Une évidence ? Intuitivement, sans doute, mais encore s’agissait-il de le démontrer. Une équipe de l’université de Rochester (New York) s’est attelée à la tâche, en procédant à des tests reposant sur des schémas complexes, et impliquant une septantaine de nourrissons, âgés de 7 ou 8 mois.

Assis dans l’obscurité sur les genoux de l’un de leurs parents (équipé d’une visière et d’écouteurs pour ne pas interférer avec l’enfant), ils ont été placés devant un écran de télévision. Des films d’animation ont été diffusés, avec des séquences où des objets courants – sucette, biberon, balle… - surgissaient de boîtes de différentes couleurs. Mais pas de n’importe quelle manière. Par exemple, la boîte bleue faisait apparaître dix fois de suite un nounours, la rouge quinze fois de suite un bonbon, alors que la verte recelait à chaque fois un objet différent. Tant que le bébé regardait l’écran, le film se poursuivait ; et prenait fin quand l’enfant détournait son attention. Un nombre considérable d’essais ont été réalisés, et ont permis aux chercheurs d’élaborer un véritable outil statistique, permettant de prévoir la réaction des nourrissons.
Le résultat (détaillé dans la revue « PLoS One ») montre que lors du premier visionnage, l’enfant n’attend rien de particulier.

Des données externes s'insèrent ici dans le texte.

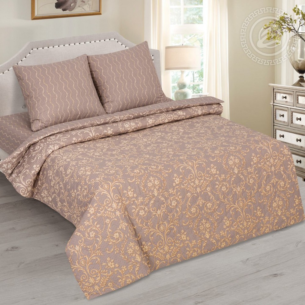 Стиль рококо теперь и в вашей спальне. «Таинство» - это комплект из практичной ткани поплин, который выполнен в стилистике рококо. Пастельные оттенки с золотом, витиеватые завитки, составляющие изысканный рисунок, - постельное белье выглядит очень элегантно, богато и роскошно. Оно станет украшением Вашей спальни. Отличительная особенность комплекта зима-лето - это стеганый утепленный пододеяльник. Пододеяльник подшит с одной стороны изнутри тонким слоем синтепона. Утеплитель закрыт дополнительным слоем поплина, что придает изделию эстетичность и изящество. В итоге комплект универсален для использования зимой и летом. В холодные зимние дни утепленный пододеяльник со вставленным в него одеялом прекрасно согревает. Летом пододеяльник выполняет роль облегченного одеяла, даря комфорт и красоту!

Logique. Mais au fur et à mesure des projections, tout ce qui est trop prévisible ou trop aléatoire (impossible de deviner ce qui va suivre) ne l’intéresse pas. En fait, l’attention du bébé est captée par les séquences qui mêlent prédictibilité et surprise.

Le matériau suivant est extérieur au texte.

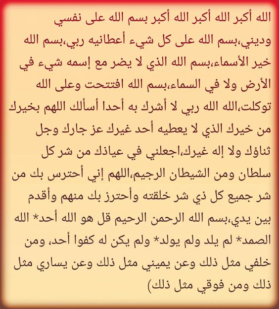 - اللهم إني أقدم بين يدي "واقرأ سورة الإخلاص 3 مرات"، وأقدم من خلفي "واقرأ سورة الإخلاص 3 مرات"، وأقدم عن يميني "واقرأ سورة الإخلاص 3 مرات" وأقدم عن شمالي "واقرأ سورة الإخلاص 3 مرات" وأقدم من فوقي "واقرأ سورة الإخلاص 3 مرات".
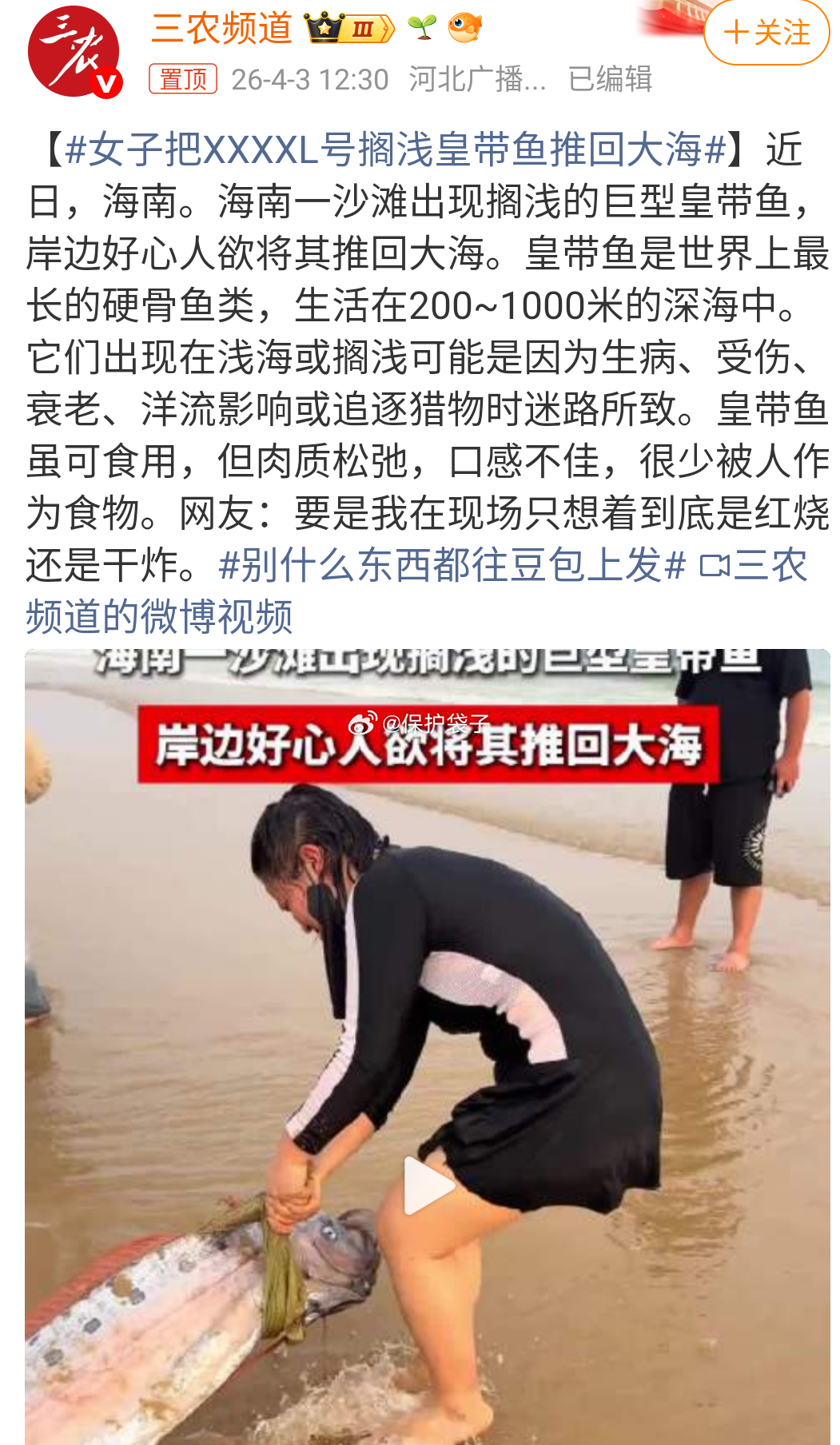 女子把XXXXL号搁浅皇带鱼推回大海别玩了,皇带鱼搁浅多数是要地震,还在看稀奇。皇带鱼本身看上去就是巨型带鱼的样子,要是出来一条十多米的还能说XXXXL号皇带鱼,或者说XXXXXL号带鱼。小扁还是再多学点表达吧。袋子时评

« Ainsi, un nourrisson n’accordera guère d’intérêt à une situation qu’il maîtrise bien, ainsi qu’à celle qu’il n’est pas en mesure de comprendre », explique Futura Science. « En revanche, les autres, à sa portée, sont riches d’enseignements, et donc l’intéressent ».

Une nuance importante, quand même : le monde ne se résume pas à des stimulations visuelles ; et cette étude n’a pas intégré des facteurs aussi importants que la voix, l’odeur, la présence familière, l’interactivité… Quant aux implications, les auteurs considèrent qu’une compréhension approfondie de ces processus pourrait permettre de contribuer à la détection précoce de troubles comme l’hyperactivité ou l’autisme.